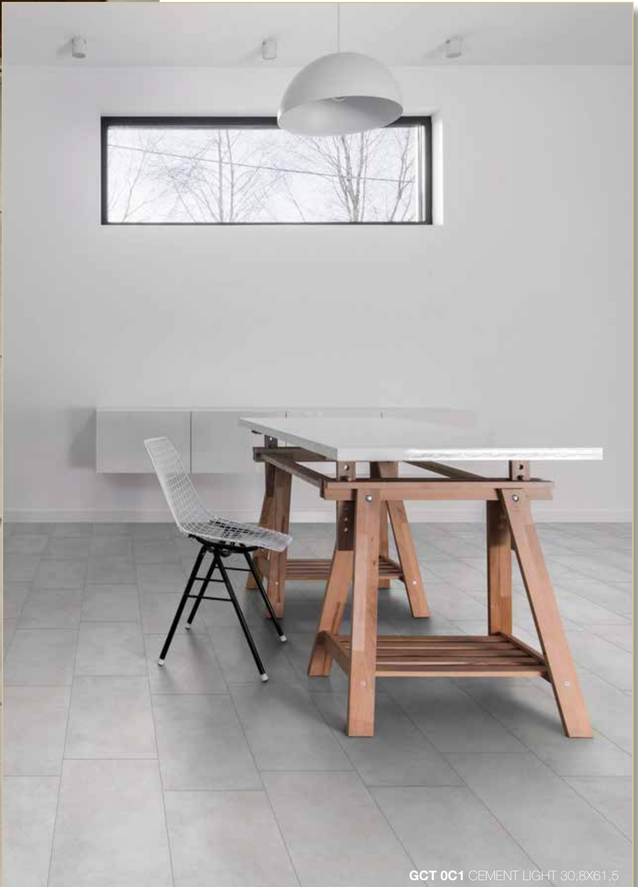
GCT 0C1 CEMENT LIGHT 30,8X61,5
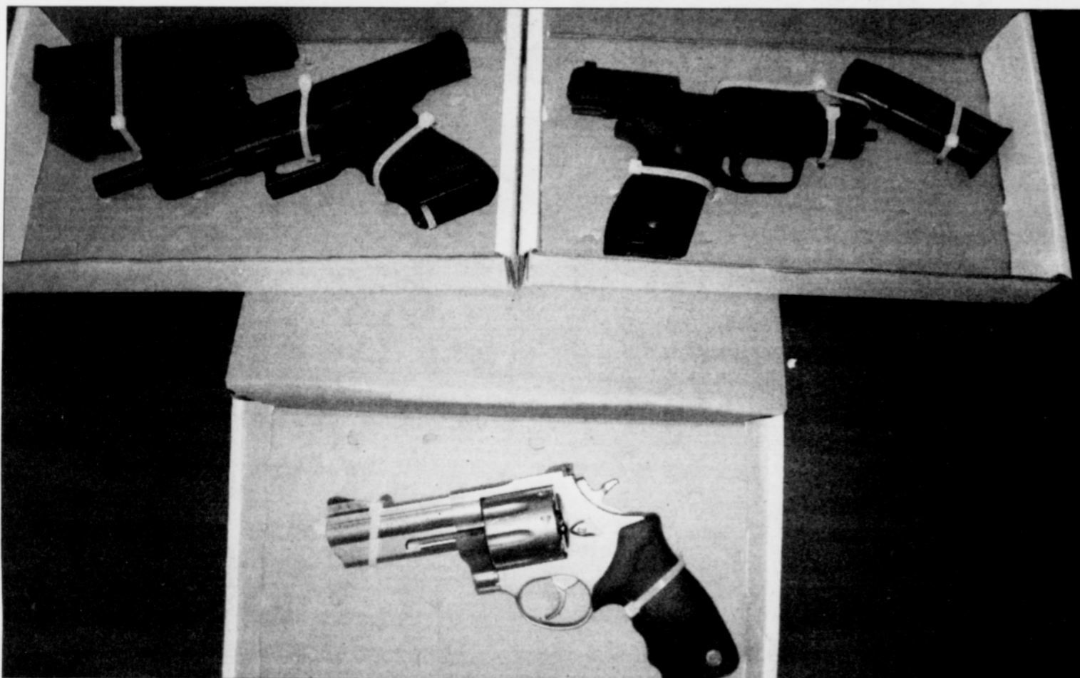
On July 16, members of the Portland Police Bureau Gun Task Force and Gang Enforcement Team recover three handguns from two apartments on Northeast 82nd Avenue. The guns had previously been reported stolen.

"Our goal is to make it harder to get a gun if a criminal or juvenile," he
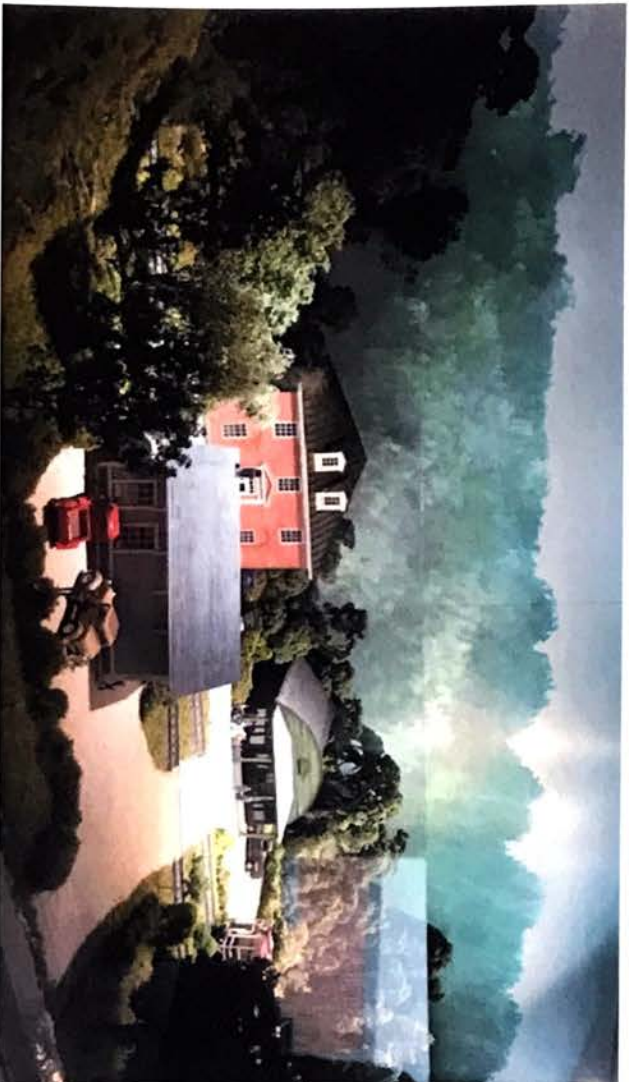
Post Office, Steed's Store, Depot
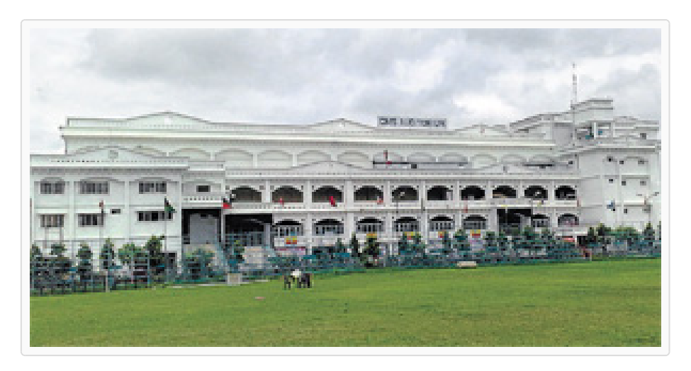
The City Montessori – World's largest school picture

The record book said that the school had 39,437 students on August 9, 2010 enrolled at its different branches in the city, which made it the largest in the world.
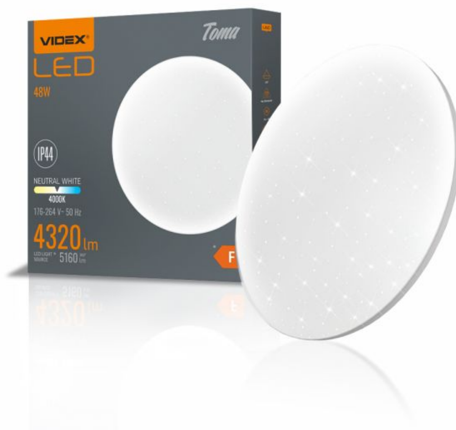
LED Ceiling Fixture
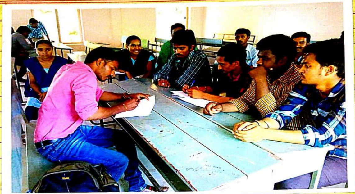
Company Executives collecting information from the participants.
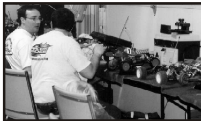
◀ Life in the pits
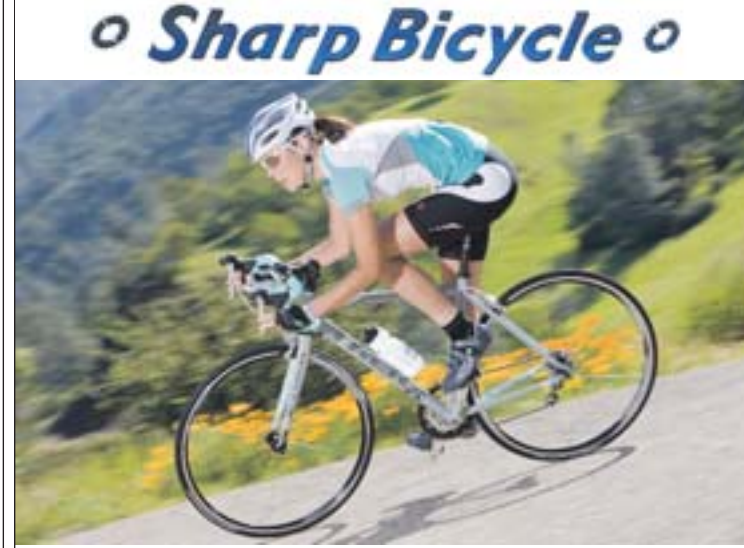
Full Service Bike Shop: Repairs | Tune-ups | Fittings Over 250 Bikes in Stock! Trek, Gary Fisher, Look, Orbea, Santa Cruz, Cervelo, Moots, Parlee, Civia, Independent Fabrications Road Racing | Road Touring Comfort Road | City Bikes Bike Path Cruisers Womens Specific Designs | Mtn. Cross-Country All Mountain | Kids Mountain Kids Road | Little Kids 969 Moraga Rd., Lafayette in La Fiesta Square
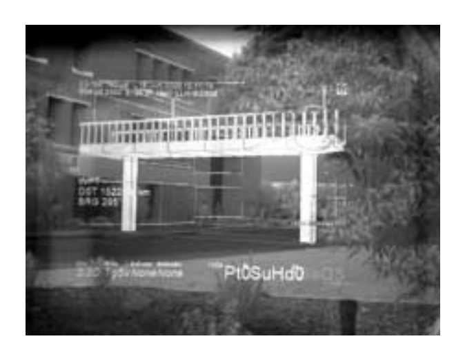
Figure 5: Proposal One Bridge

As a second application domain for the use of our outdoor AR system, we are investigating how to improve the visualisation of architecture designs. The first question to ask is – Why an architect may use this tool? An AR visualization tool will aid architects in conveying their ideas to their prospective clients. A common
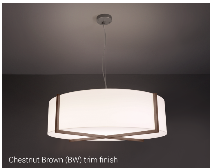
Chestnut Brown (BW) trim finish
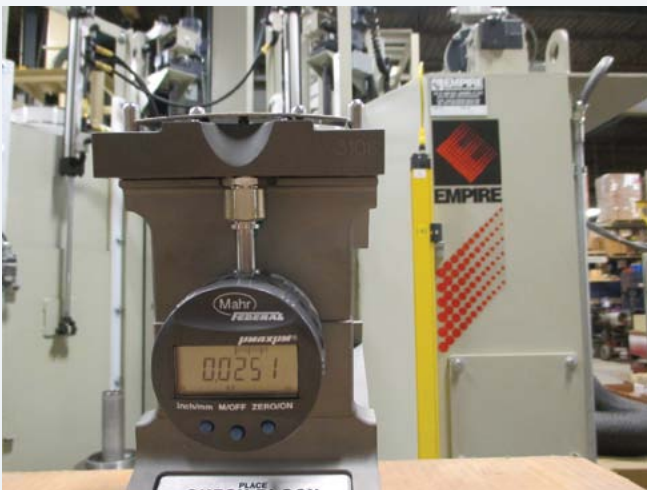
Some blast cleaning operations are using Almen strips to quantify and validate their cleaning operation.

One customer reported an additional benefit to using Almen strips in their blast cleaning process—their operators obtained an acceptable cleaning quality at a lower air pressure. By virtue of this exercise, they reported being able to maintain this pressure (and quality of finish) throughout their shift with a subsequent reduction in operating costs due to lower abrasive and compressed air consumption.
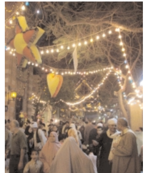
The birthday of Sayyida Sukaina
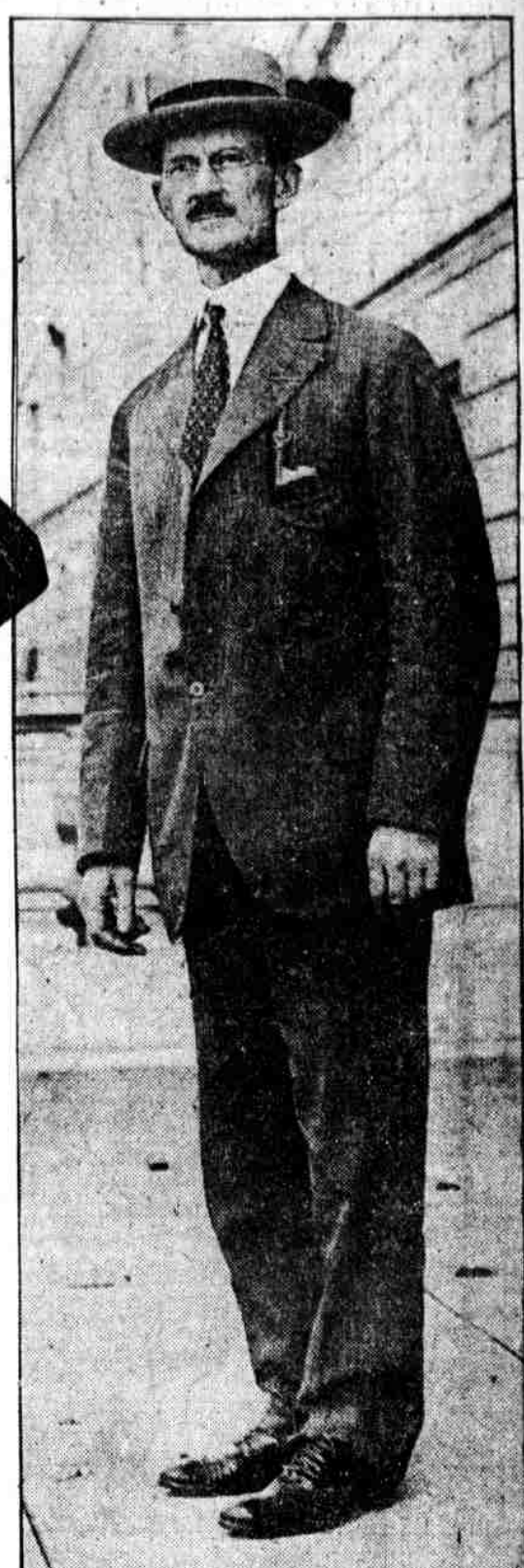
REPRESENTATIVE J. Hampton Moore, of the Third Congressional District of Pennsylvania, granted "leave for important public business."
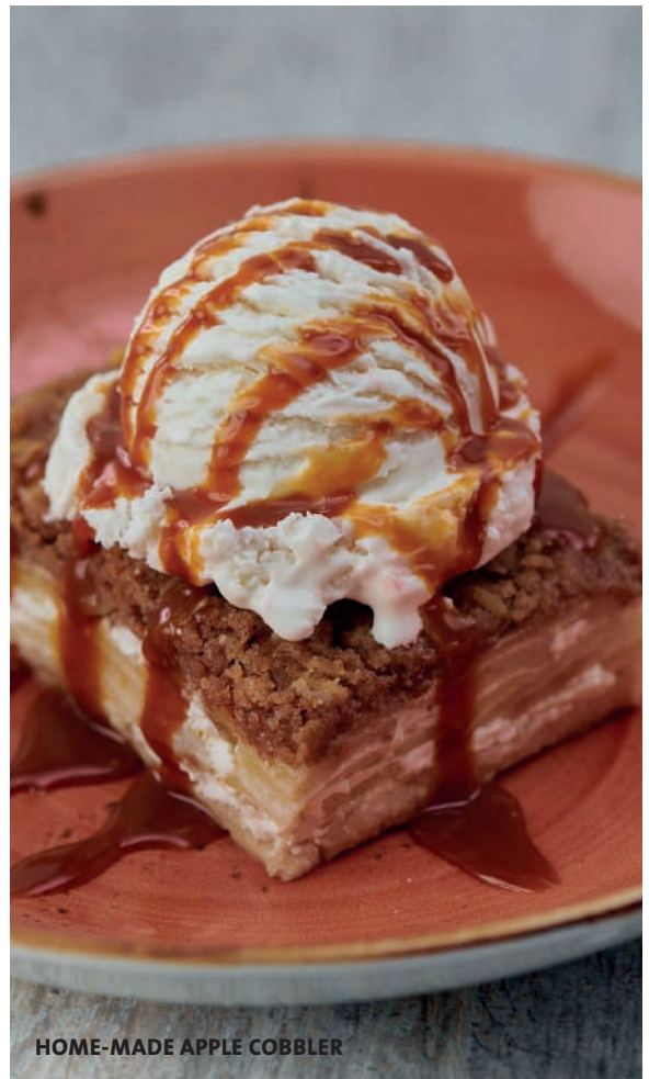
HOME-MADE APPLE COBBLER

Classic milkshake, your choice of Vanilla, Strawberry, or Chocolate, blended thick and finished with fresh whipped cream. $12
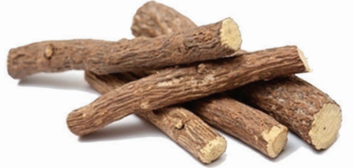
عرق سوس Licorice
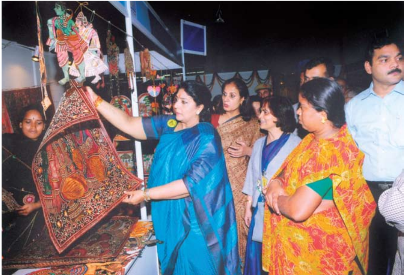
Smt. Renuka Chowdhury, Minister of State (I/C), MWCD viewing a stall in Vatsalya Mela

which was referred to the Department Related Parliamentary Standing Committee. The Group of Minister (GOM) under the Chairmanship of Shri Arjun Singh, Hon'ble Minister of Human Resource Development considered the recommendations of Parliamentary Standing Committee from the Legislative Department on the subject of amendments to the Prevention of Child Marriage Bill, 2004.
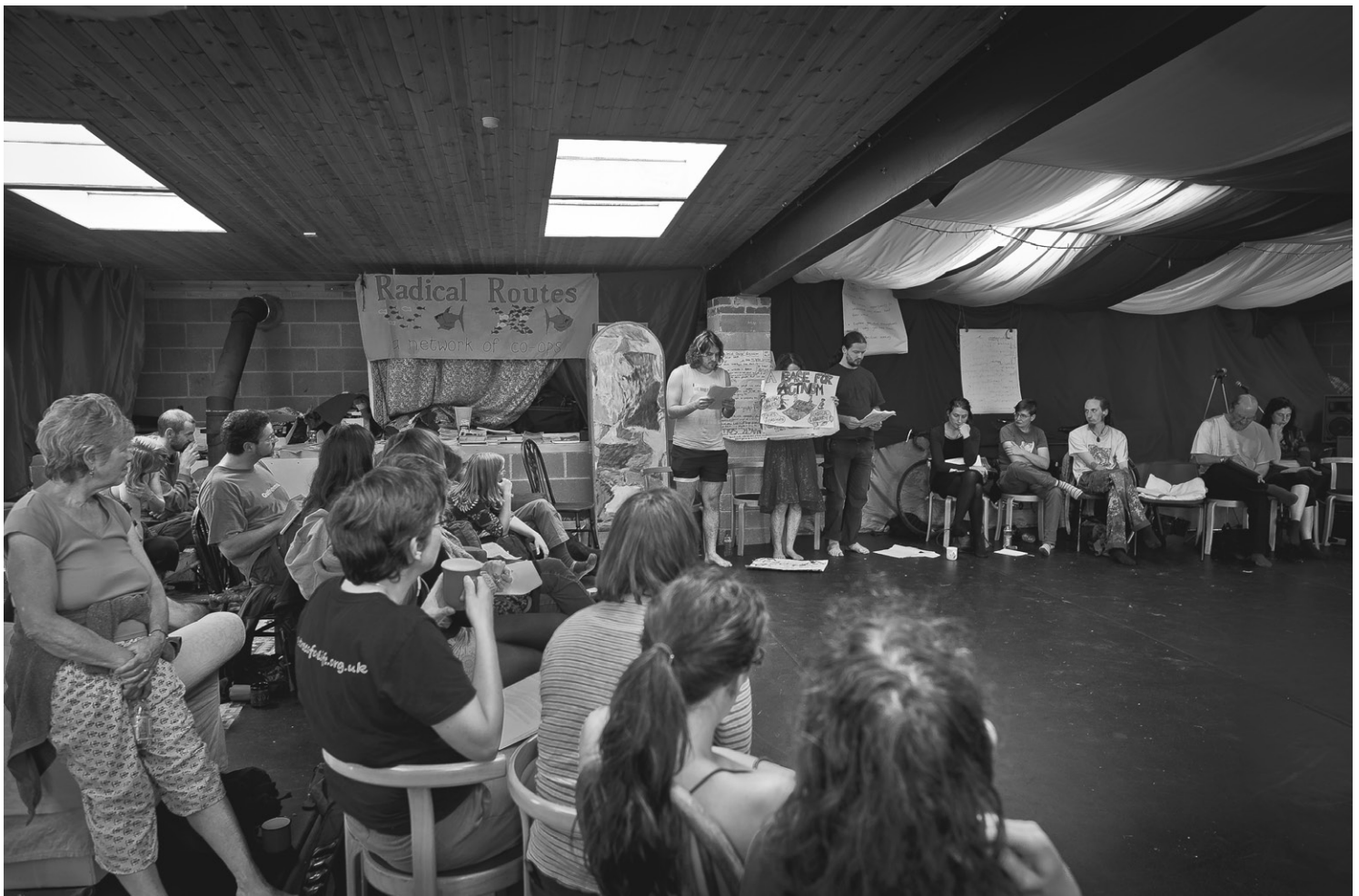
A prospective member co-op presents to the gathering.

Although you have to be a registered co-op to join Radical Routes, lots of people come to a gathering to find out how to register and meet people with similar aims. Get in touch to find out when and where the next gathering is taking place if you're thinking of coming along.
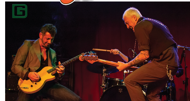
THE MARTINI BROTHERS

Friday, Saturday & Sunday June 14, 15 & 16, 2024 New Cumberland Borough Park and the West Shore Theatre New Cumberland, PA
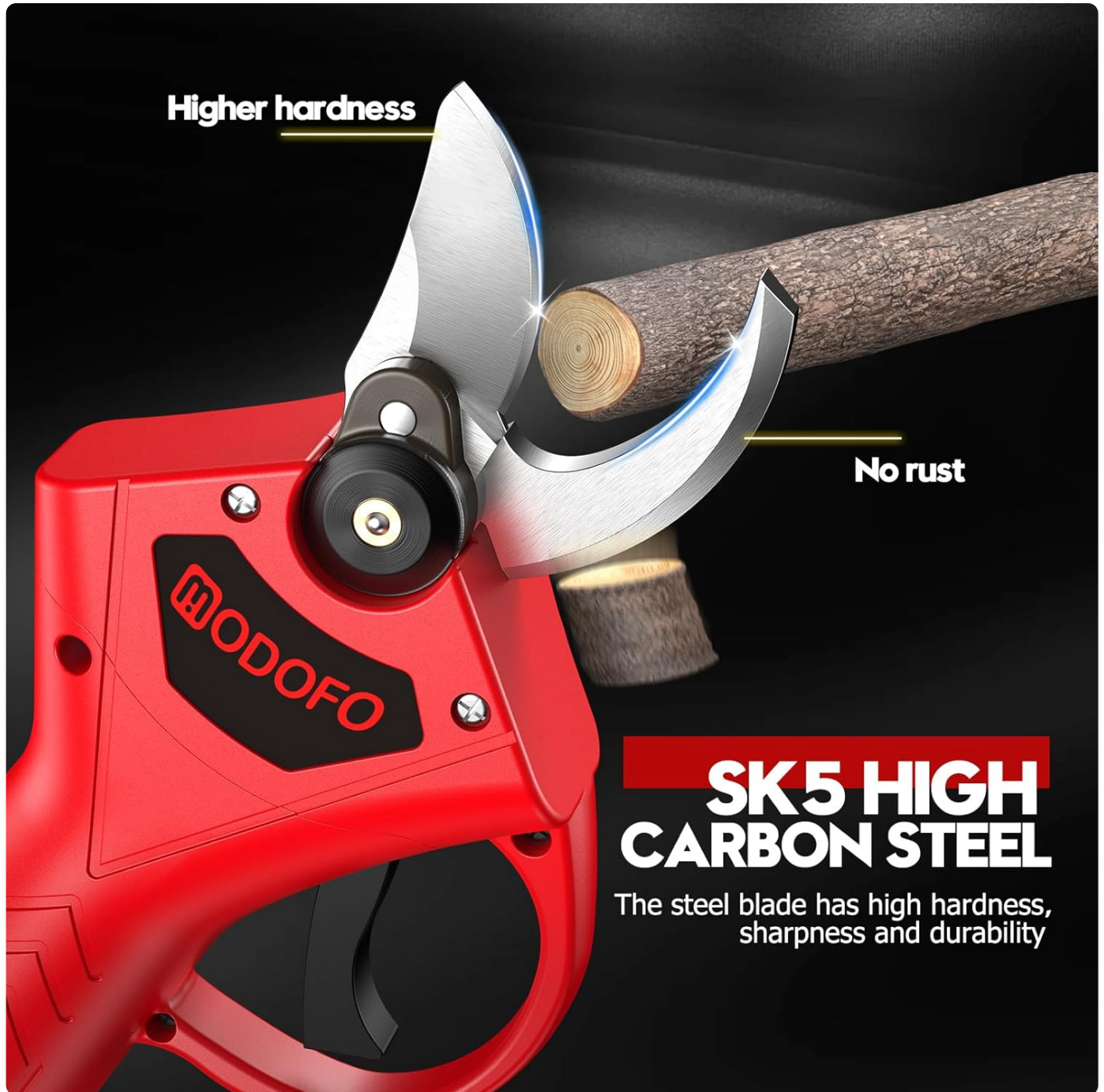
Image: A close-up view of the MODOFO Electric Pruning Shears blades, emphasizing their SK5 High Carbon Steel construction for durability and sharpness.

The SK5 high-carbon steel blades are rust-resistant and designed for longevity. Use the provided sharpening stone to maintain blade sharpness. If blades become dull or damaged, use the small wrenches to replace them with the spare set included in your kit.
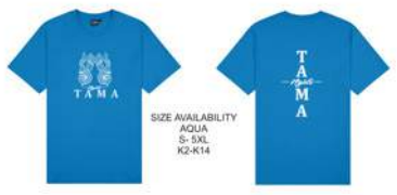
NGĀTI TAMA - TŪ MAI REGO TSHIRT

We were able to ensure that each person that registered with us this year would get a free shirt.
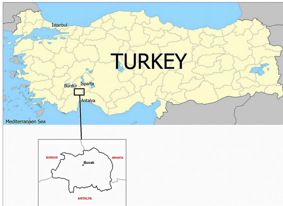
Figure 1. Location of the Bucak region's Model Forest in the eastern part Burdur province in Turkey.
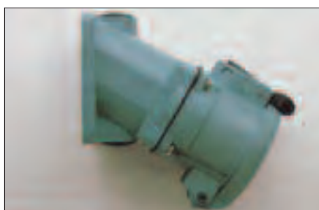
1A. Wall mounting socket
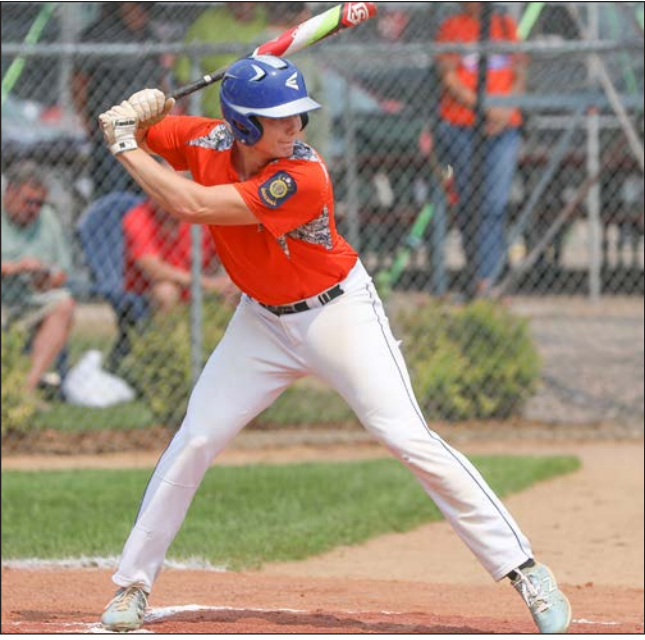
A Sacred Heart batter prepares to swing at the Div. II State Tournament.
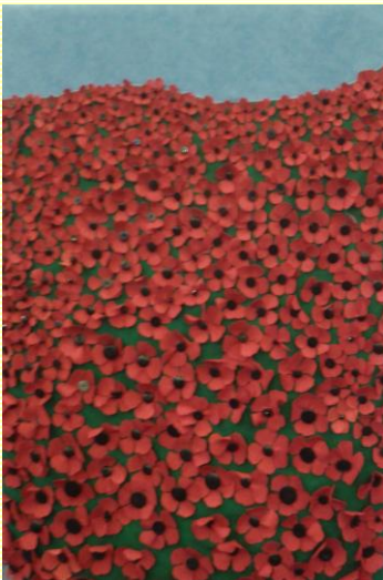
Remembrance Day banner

------

Your job is to return all lines above that hold the word "State".

# Exercise output:
Smt. Renuka Chowdhury, Minister of State (I/C), MWCD viewing a stall in Vatsalya Mela
A Sacred Heart batter prepares to swing at the Div. II State Tournament.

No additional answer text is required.